I wish I could bite you. Lola had sounded so cold and calculating yesterday in the car; she can be sweet, she really can be. But Darby knows better than to say this in the meeting. She sounds like a crazy person, even to Griff, who just this morning suggested they send their four-year-old to some kind of experimental group therapy he’d read one stupid article about. Sometimes, Darby feels like she’s seeing someone who isn’t really there. A different version of her little girl.
Whatever it is, she’s glad Mary Beth will be there. Mary Beth is a world-class carer.
As if on cue, a text pings her phone from Mary Beth. Bad news, it reads.
TEN
In her car, Rhea’s hands still tremble in her lap, where no one would know they’ve been trembling for a full fifteen minutes before the first responders ever got there. An ambulance, three police cars, and a fire truck.
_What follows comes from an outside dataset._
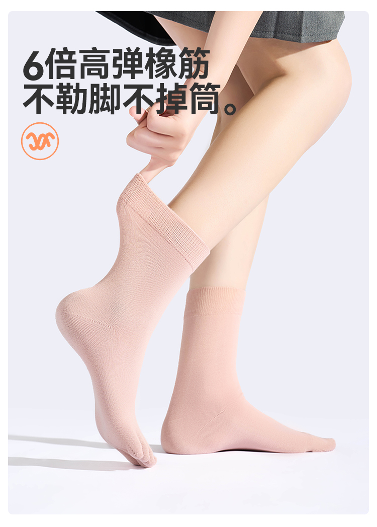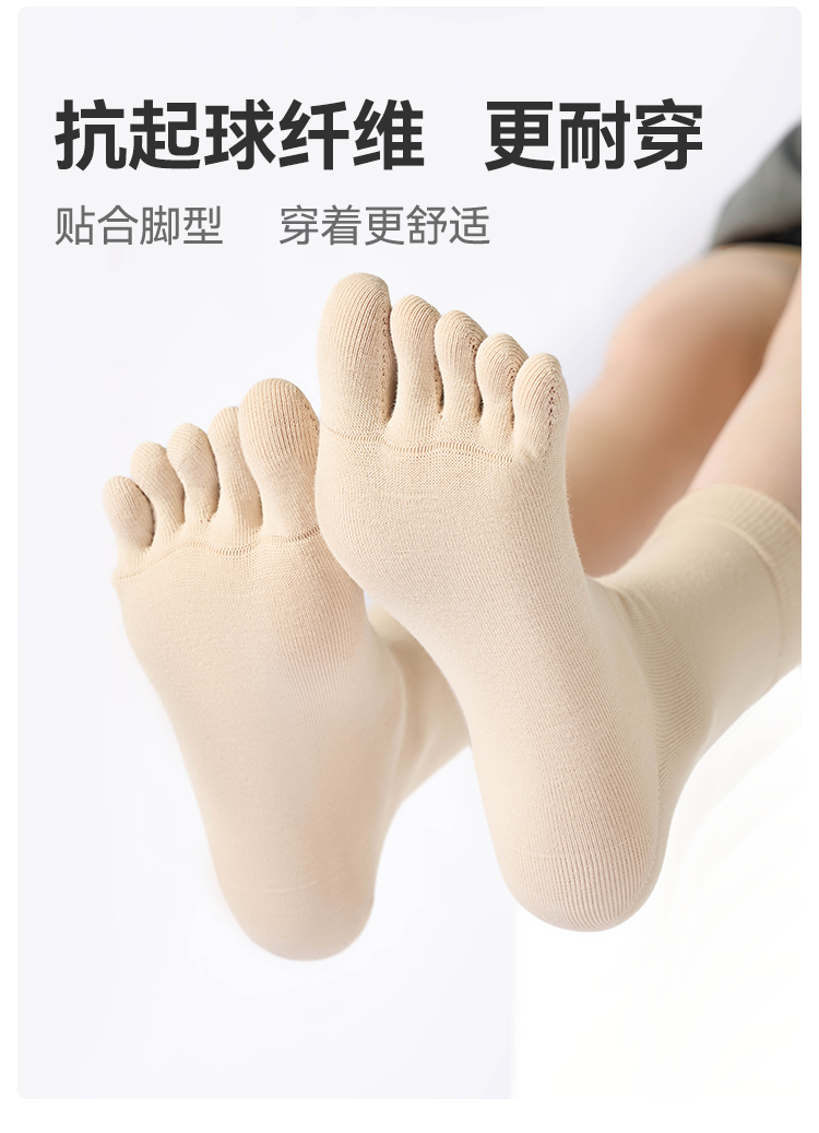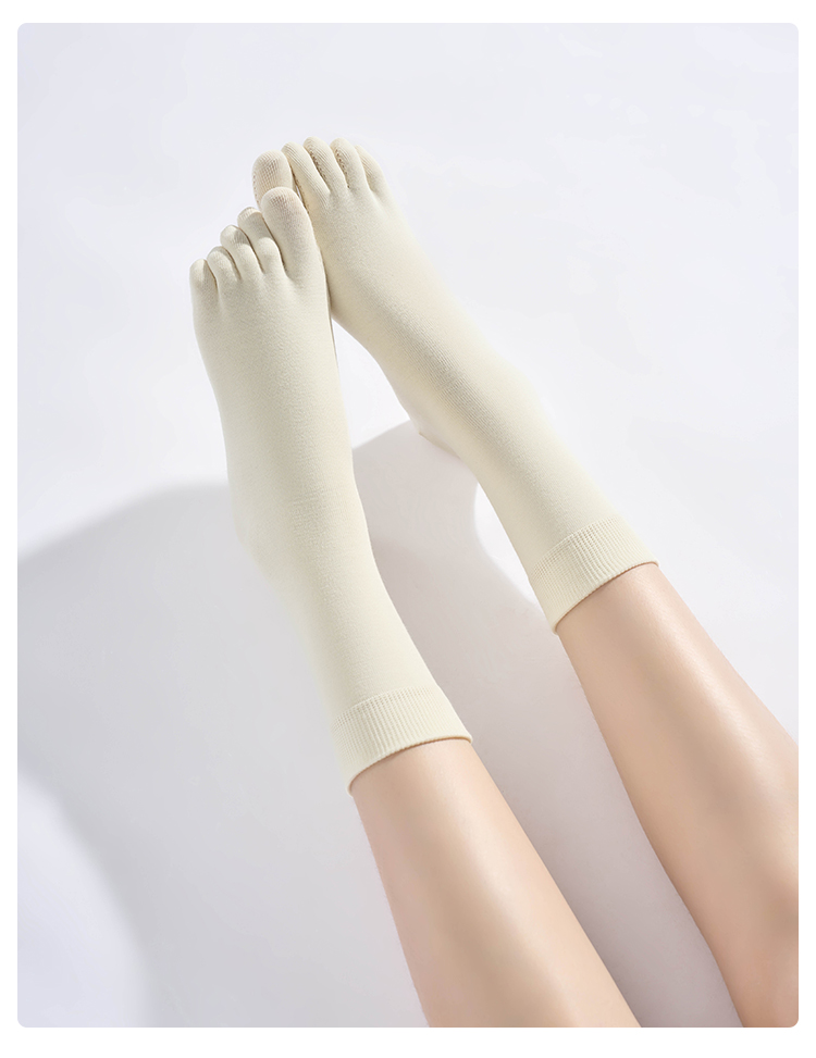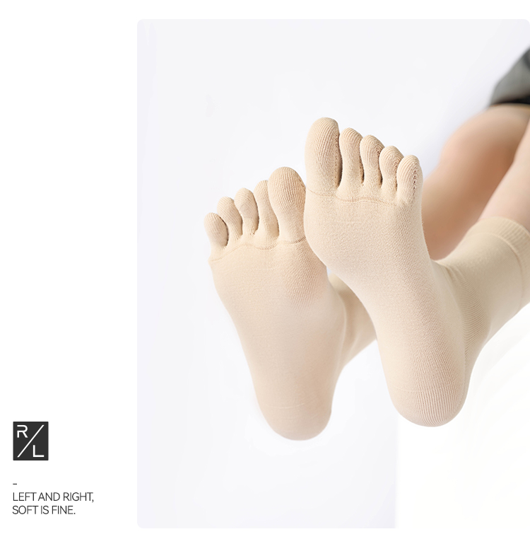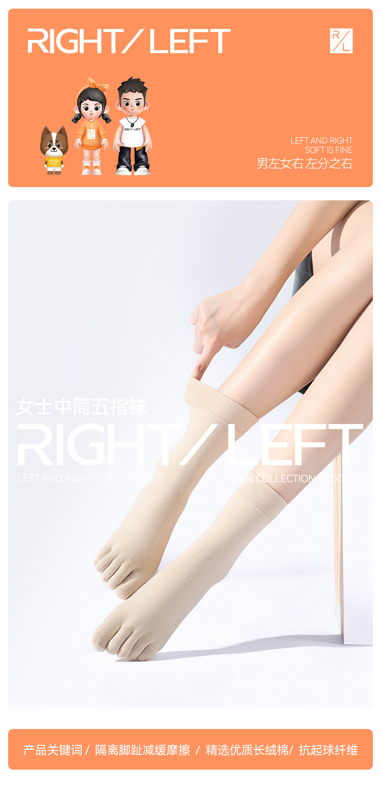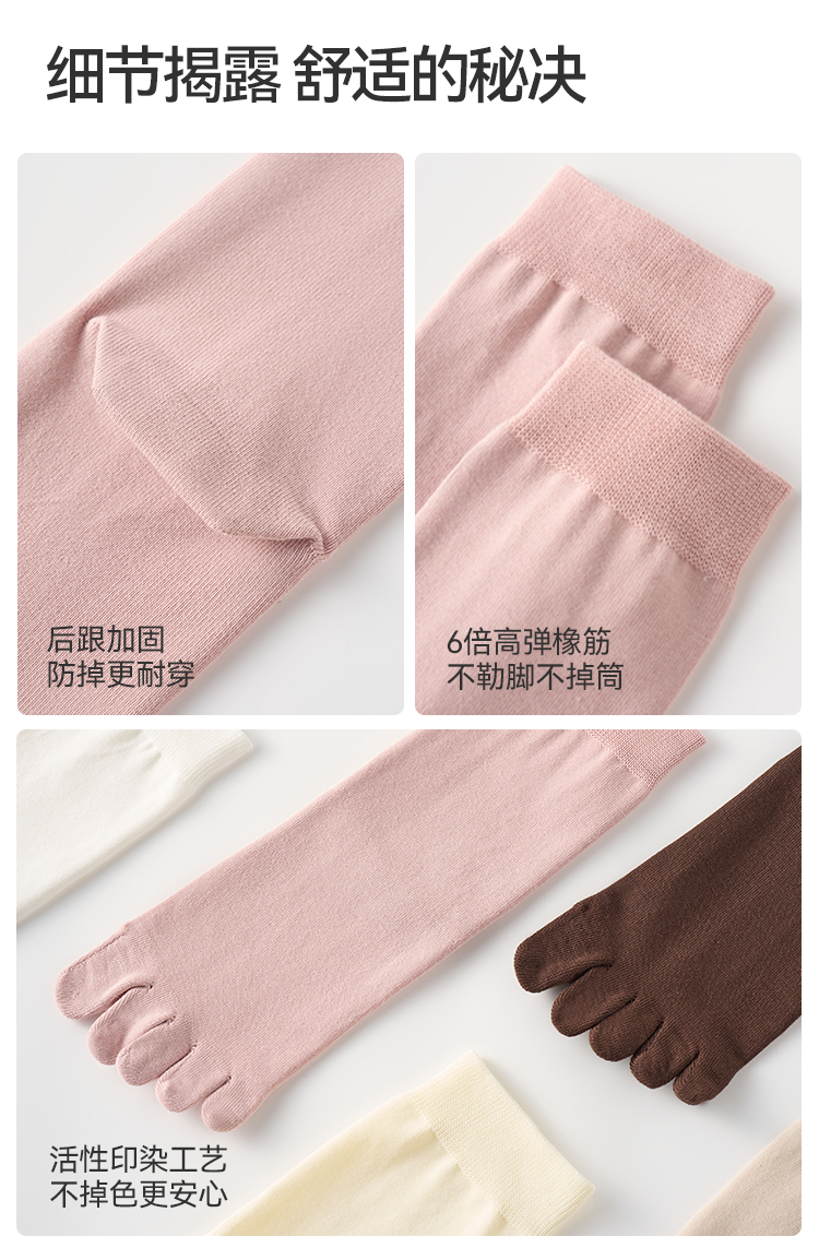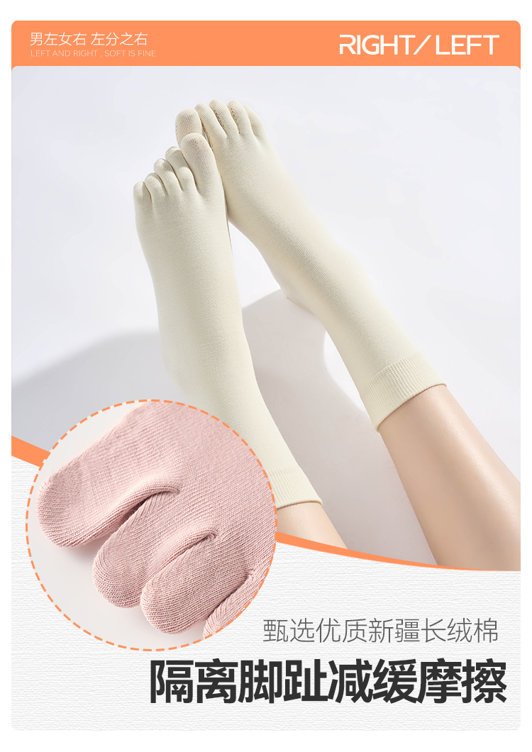 左分之右五指袜子女春夏纯棉10A抗菌防臭长筒袜分趾防滑中筒袜子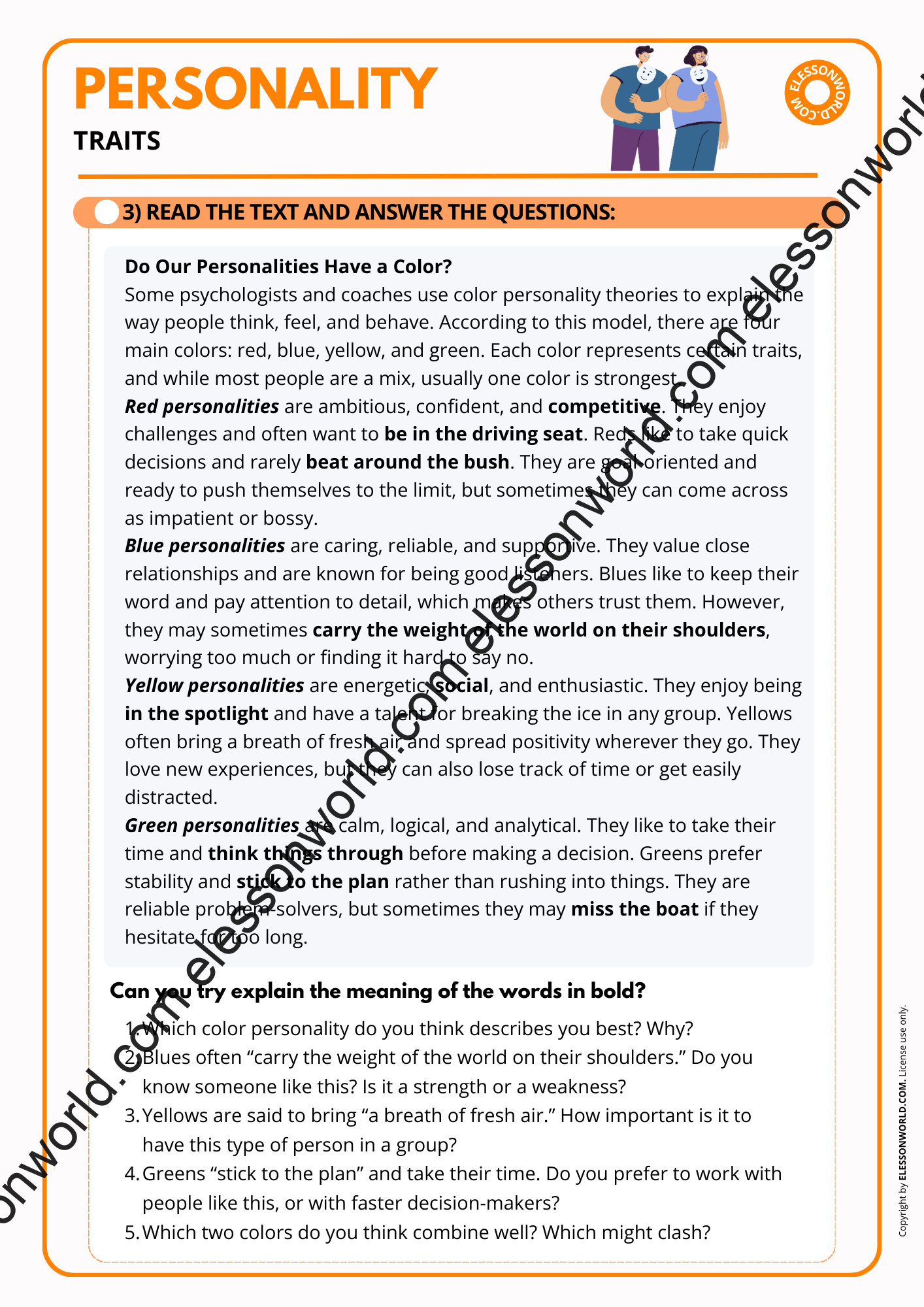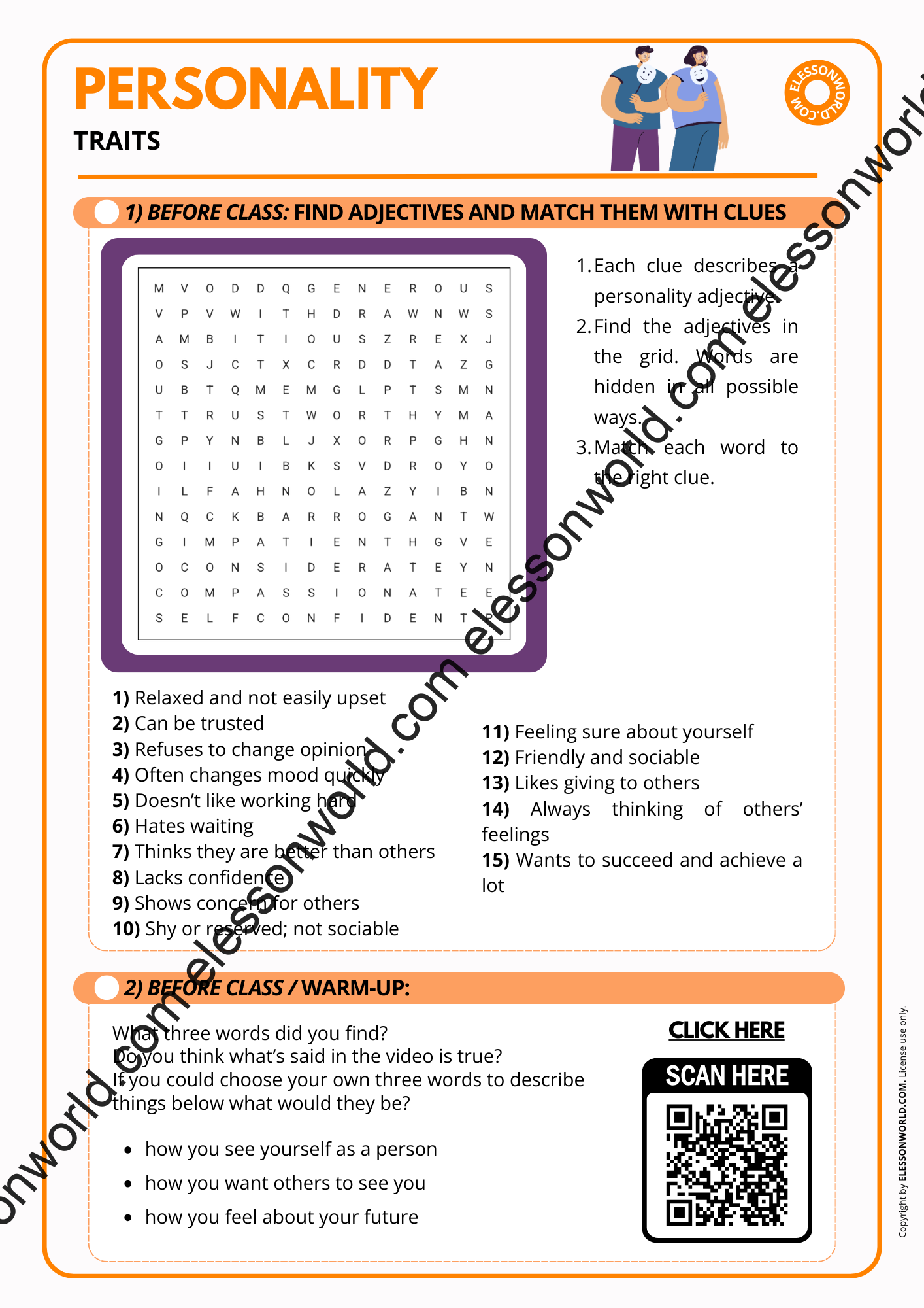 With this lesson, students will master essential personality adjectives and idiomatic expressions to describe people vividly and naturally. They’ll expand their vocabulary with words like stubborn, ambitious, compassionate, and idioms like heart of gold and bundle of nerves, and many more, all while building fluency through discussions, role-plays, and video analysis.

She’s now been staring at the vehicles blocking the pickup lane, her pulse booming in her ears. A hard thwap on the driver’s-side glass startles her.
“Bodhi’s fine,” another mother—her name’s Roxy—calls through the window. “The kids are all fine.” She gives a thumbs-up and Rhea nods dumbly.
“Yeah. Yeah. Okay,” she mumbles through the glass, realizing too late she’s forgotten to thank Roxy. Rhea would never have thought to do that, and knowing this about herself makes her feel lonely, like maybe she needs to examine some stuff.
“Bitch, please!” Zazzy Tims exhorts through the car speakers. She can’t remember turning the ignition back on, hasn’t caught a single word of the chapter in this ridiculous audiobook since she made her final decision, stepped out of the car, and walked across the promenade to change things.